眼前では森の入り口に放置しては可哀想だと連れてきていた馬車用の馬を、タングリーが連れていた。
「それにしても、駅舎のある街まで馬車で半日も掛かるとはな」
それらを見るともなしに見ながら、エルナは聞いた話を意外そうに呟いた。
彼らはこれから半日かけて駅舎のある街まで行き、そこから汽車に乗って移動。途中下車も含め三日かけて王宮へと帰る予定だ。
「ああ。でも汽車を使えるだけましだよ。行きはオルリアが絶対に人に会いたくないって一週間以上のんびり馬車旅だったんだ」
「当然。異能が発現する条件等もよく分かっていなかったんだ。下手に人の多い場所で発現し、臣民に危害を加えるわけにはいかない」
「俺はいいのかよ……」
どうやらこの近くまで線路を伸ばすはずだった計画は、前王の死去とオルリアの引きこもりにより頓挫しているとのことらしい。余計な情報も加えつつ、灰毛のがっしりとした二頭の馬を器用に引きながら、タングリーはぼやいた。
流石、普段は王国の騎士をしているだけあって、馬も扱いなれているのだろう。

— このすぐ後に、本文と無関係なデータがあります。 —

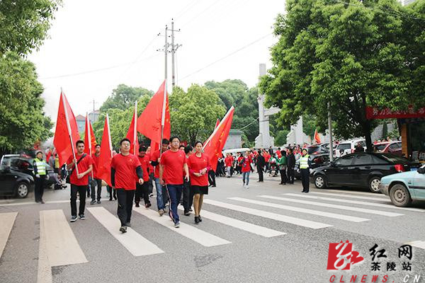 千余名毅行者兴致高昂,唱着慷慨激昂的红歌,从《团结就是力量》到《没有共产党就没有新中国》,一路浩浩荡荡开始了这趟“毅行”之旅。队伍从县烈士陵园出发,经犀城广场、洣江大桥、下瑶村、大洲村、雅环村、湖塘村等到达汽车东站,全程15公里。

隣でエルナの旅行用トランクを持つオルリアも馬は任せきりのようだし、普段からこういう事態には慣れているのかもしれないと思った。
「さて、じゃあ
二十分ほど歩いて馬車へ辿り着いたエルナは、荷物とシャドラを運び込むと、タングリーに言われるがまま中へと入った。
御者台に腰かけ、手綱を握るタングリーの合図と共に車輪が回る音を聞きながら、彼女は窓の外に目を遣った。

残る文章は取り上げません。